Kitex Garment had a very bad last quarter and also the full financial year. This is again one of our star stock and we expect it to perform well this financial year. We think their revenues will grow fast because of their investments in the US subsidiary. Last year with USA elections, there was lot of uncertainty in front of Kitex Garments vendors and we did see the order books shrinking and inventories climbing up. We are looking forward for its first quarter results and expect them to be positive.

Yes Bank

There are few private banks trading at cheap price and we got an opportunity to accumulate few when its stock price fell on the news of GNPA’s. We have recently covered this stock and shared our views on this blog.

Tech Mahindra

Tech Mahindra is another stock who got beaten by market on its Q4 results. The results were bad but we think this stock is sitting on sweet spot to grow its earnings faster than its peers. There was a very good opportunity thrown by market in May and we just grabbed that opportunity.

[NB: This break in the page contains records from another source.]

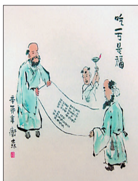
天道酬勤,人道酬情,人格也是资源。在这一点上,小王做到了极致。
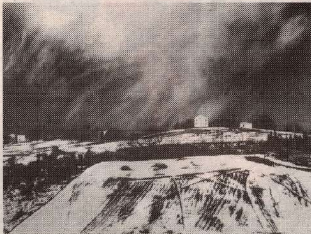
«Paesaggio. Presa di coscienza sulla natura» di Mario Giacomelli
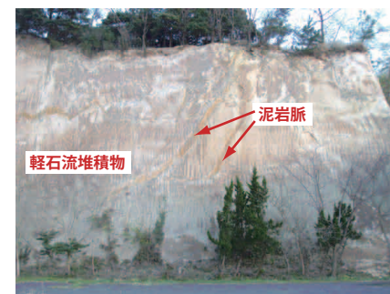
写真2：青果市場裏の露頭

図2の大田市駅近くの青果市場駐車場でよく見られますが、いずれも茶褐色を呈しており(写真2)、細粒土がほとんどですが(写真3)、一部細かな軽石を含んでいます。ここでは根元は見られませんが、旧河成層(現在は周囲に河道は位置していません)中の軟質な粘性土層が上位の軽石流の底面を取り込んで亀裂面に圧入したもの、またはこの軽石流より前の火砕流堆積物が同じ亀裂面に圧入したものではないかと考えられます。
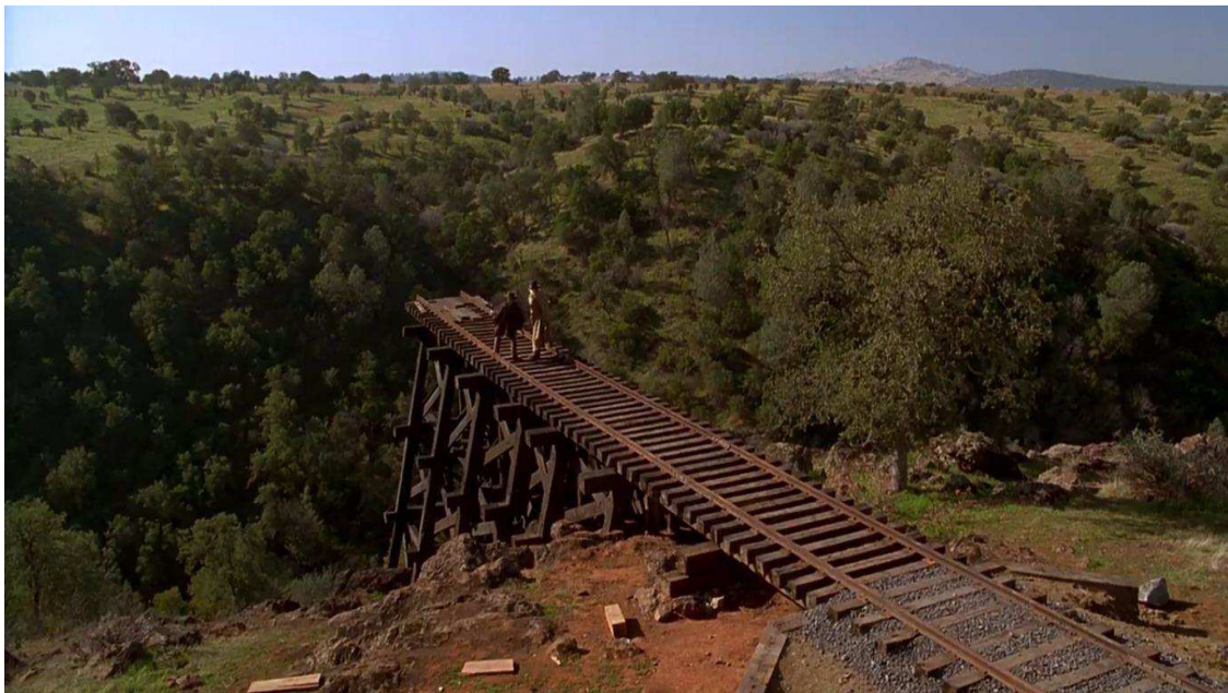
Figura 07: Linha férrea, Eastwood Ravine, 1885.
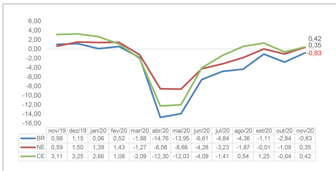
Gráfico 2 – Crescimento mensal (%) do Índice de Atividade Econômica do Banco Central (IBC) – mês contra mesmo mês do ano anterior – Brasil, Nordeste e Ceará – nov/19 a nov/20.
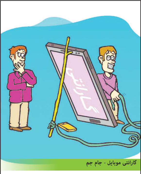
گزارتی موبایل - جام جم
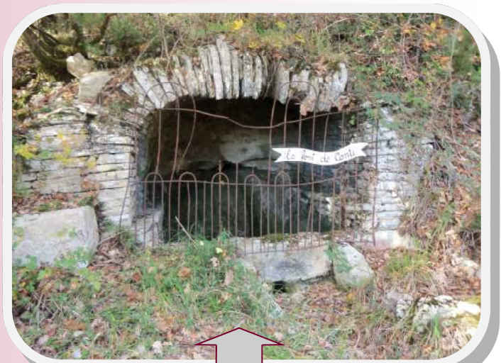
Fontaine de Conti sous Les Pirades
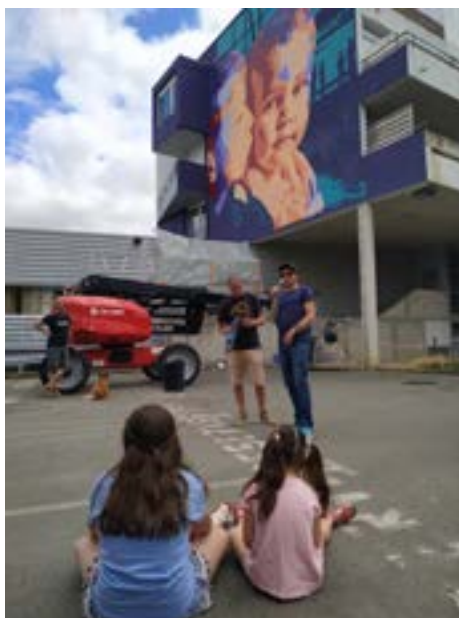
5 rue des Grèves - Auteur: Hektor

Pharma and IT stocks are getting beaten in this high markets. Lupin is our favourite pharma stock and we have kept our eyes on it from the time it was trading around Rs 1,800. So we have seen its stock price to almost halve in past one year. We did not accumulate a lot because we think there is still a good chance for the stock price to fall further. But same time we did not wanted to lose the opportunity of not buying it when especially it is trading in our valuation zone.


With this 7 stocks in our portfolio and still holding close to 20% of our portfolio in cash, we think we will outperform this financial year against our past year performance. The only risk we see is with Hindustan Zinc and ONGC. I think it would have been wise if we bought Indiabulls housing only in April and wait for more opportunities to rise in the May. But we learn from our mistakes and it is still too early to come to the conclusion as there are still 10 long months to go in this financial year.